Ганя схватился за голову и побежал к окну; Варя села у другого окна.

- Смешная Аглая, - заметила она вдруг, - останавливает меня и говорит: "Передайте от меня особенное, личное уважение вашим родителям; я, наверно, найду на днях случай видеться с вашим папашей". И этак серьезно говорит. Странно ужасно...

- Не в насмешку? Не в насмешку?

- То-то и есть, что нет; тем-то и странно.

- Знает она или не знает про старика, как ты думаешь?

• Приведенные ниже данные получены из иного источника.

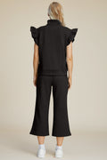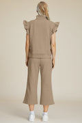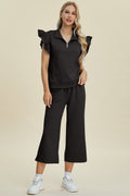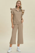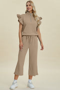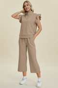 Double Take Full Size Texture Ruffle Short Sleeve Top and Wide Leg Pants Set

- Что в доме у них не знают, так в этом нет для меня и сомнения; но ты мне мысль подал: Аглая, может быть, и знает. Одна она и знает, потому что сестры были тоже удивлены, когда она так серьезно передавала поклон отцу. И с какой стати именно ему? Если знает, так ей князь передал!

- Не хитро узнать, кто передал! Вор! Этого еще недоставало. Вор в нашем семействе, "глава семейства"!

- Ну, вздор! - крикнула Варя, совсем рассердившись, - пьяная история, больше ничего. И кто это выдумал? Лебедев, князь... сами-то они хороши; ума палата. Я вот во столечко это ценю.

- Старик вор и пьяница, - желчно продолжал Ганя, - я нищий, муж сестры ростовщик, - было на что позариться Аглае! Нечего сказать, красиво!

- Этот муж сестры, ростовщик, тебя...

- Кормит, что ли? Ты не церемонься, пожалуйста.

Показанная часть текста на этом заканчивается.